++++ DATA SHOWN

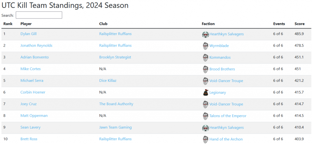 Big names in the global Kill Team scene like Orion, Adrian, and Dylan shoulder to shoulder, literally, with other UTC region champs and players in a tight 5-round over the weekend. Fresh off the heels of the big dataslate shake up to the team standings, most players came in hot and ready to battle their way to the top of the standings. If you're curious about the standings they're found
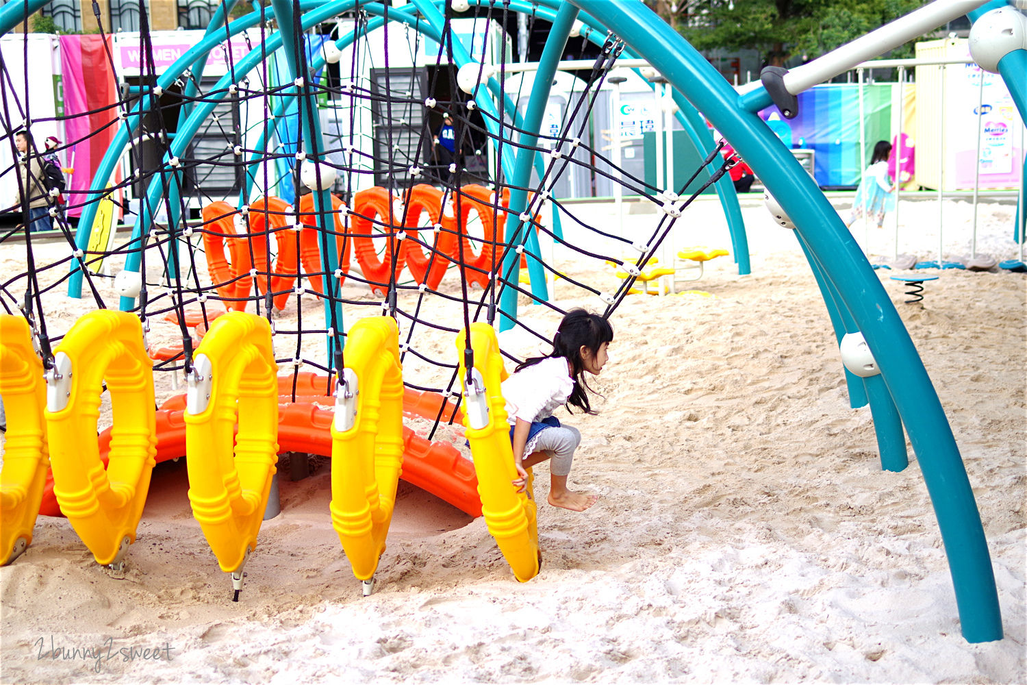 沙子很厚,感覺很像踩在沙灘上,細白沙質很乾淨好玩,要堆沙堡、挖沙坑都適合,但要記得自己帶玩沙工具唷!
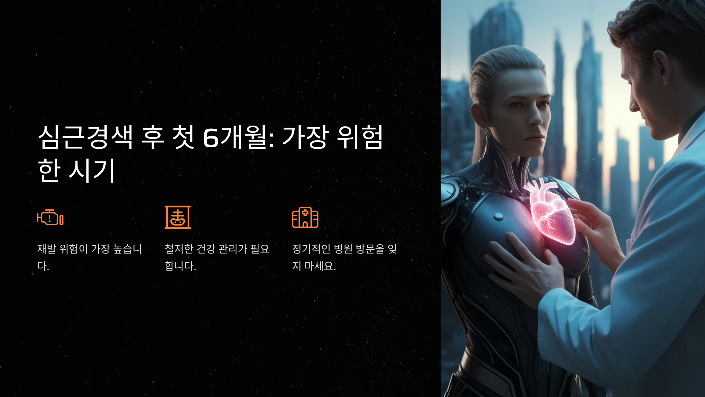 첫 6개월을 어떻게 보내느냐에 따라 앞으로의 심장 건강이 달라질 수 있어요. 이 시기를 안정적으로 보내야 심근경색 재발을 막고 건강한 삶을 유지할 수 있어요!
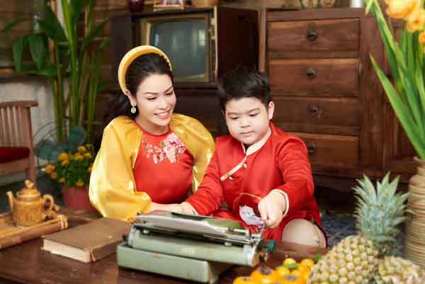 Mới đây, trên trang cá nhân, Nhật Kim Anh chia sẻ khoảnh khắc diện áo dài Tết bên con trai cưng. Nữ ca sĩ không quên đính kèm dòng trạng thái: “Mùng 2 cùng con trai yêu”.

++++++++

[REQUIRED ACTION]: With the pictures excluded, the line containing "첫 6개월을 어떻게 보내느냐에" and every line after it through the end of the data above are to be transcribed exactly, and nothing more.

[SOLUTION TO THIS PROBLEM]:
 첫 6개월을 어떻게 보내느냐에 따라 앞으로의 심장 건강이 달라질 수 있어요. 이 시기를 안정적으로 보내야 심근경색 재발을 막고 건강한 삶을 유지할 수 있어요!
 Mới đây, trên trang cá nhân, Nhật Kim Anh chia sẻ khoảnh khắc diện áo dài Tết bên con trai cưng. Nữ ca sĩ không quên đính kèm dòng trạng thái: “Mùng 2 cùng con trai yêu”.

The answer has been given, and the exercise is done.